Analysis of the Stern-Gerlach Measurement

TL;DR

This paper presents a dynamical model for quantum measurement collapse using a dissipative Stern-Gerlach setup, demonstrating how decoherence leads to classical behavior and correlates particle momentum with spin for measurement.

Contribution

It introduces a dissipative, environment-interacting model for wave function collapse in a Stern-Gerlach measurement, linking decoherence with classical measurement outcomes.

Findings

Density matrix becomes diagonal due to decoherence

Momentum correlates with spin operator after interaction

Measurement probabilities align with quantum principles

Abstract

A dynamical model for the collapse of the wave function in a quantum measurement process is proposed by considering the interaction of a quantum system (spin-1/2) with a macroscopic quantum apparatus interacting with an environment in a dissipative manner. The dissipative interaction leads to decoherence in the superposition states of the apparatus, making its behaviour classical in the sense that the density matrix becomes diagonal with time.
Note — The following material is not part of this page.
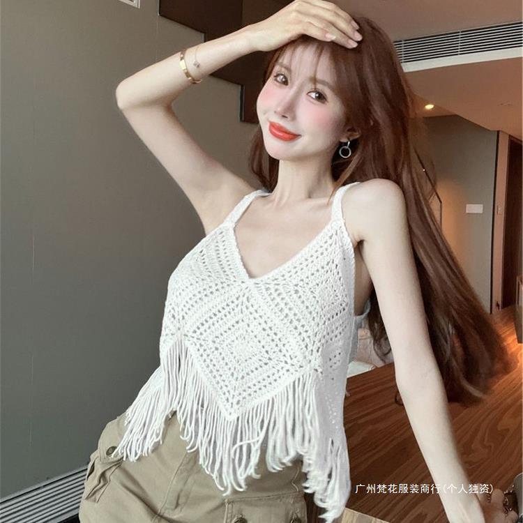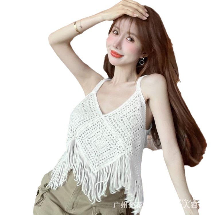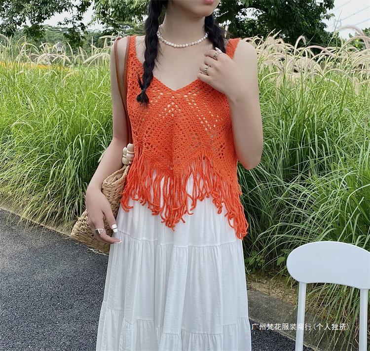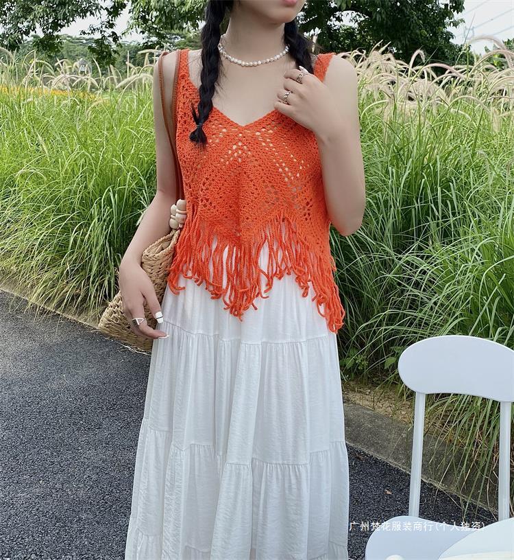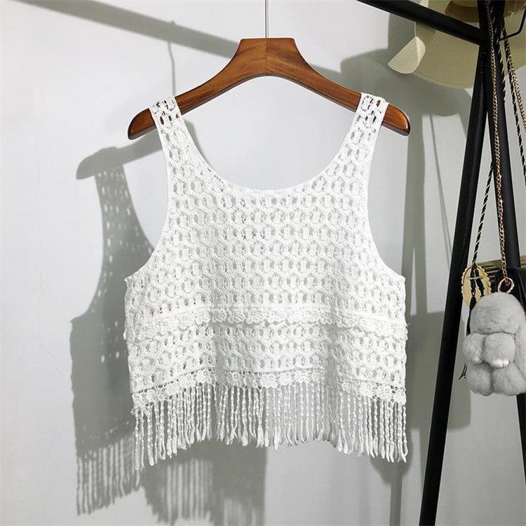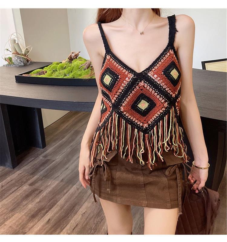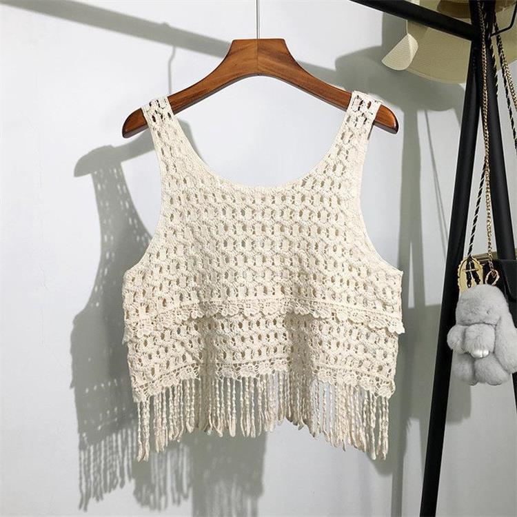 Вязаный жилет с кисточками с полым крючком для женщин топ ретро свободный без рукавов

Since the apparatus is also interacting with the system, the probabilities of the diagonal density matrix are determined by the state vector of the system. We consider a Stern-Gerlach type model, where a spin- 1/2 particle is in an inhomogeneous magnetic field, the whole set up being in contact with a large environment. Here we find that the density matrix of the combined system and apparatus becomes diagonal and the momentum of the particle becomes correlated with a spin operator, selected by the choice of the system-apparatus interaction. This allows for a measurement of spin via a momentum measurement on the particle with associated probabilities in accordance with quantum principles.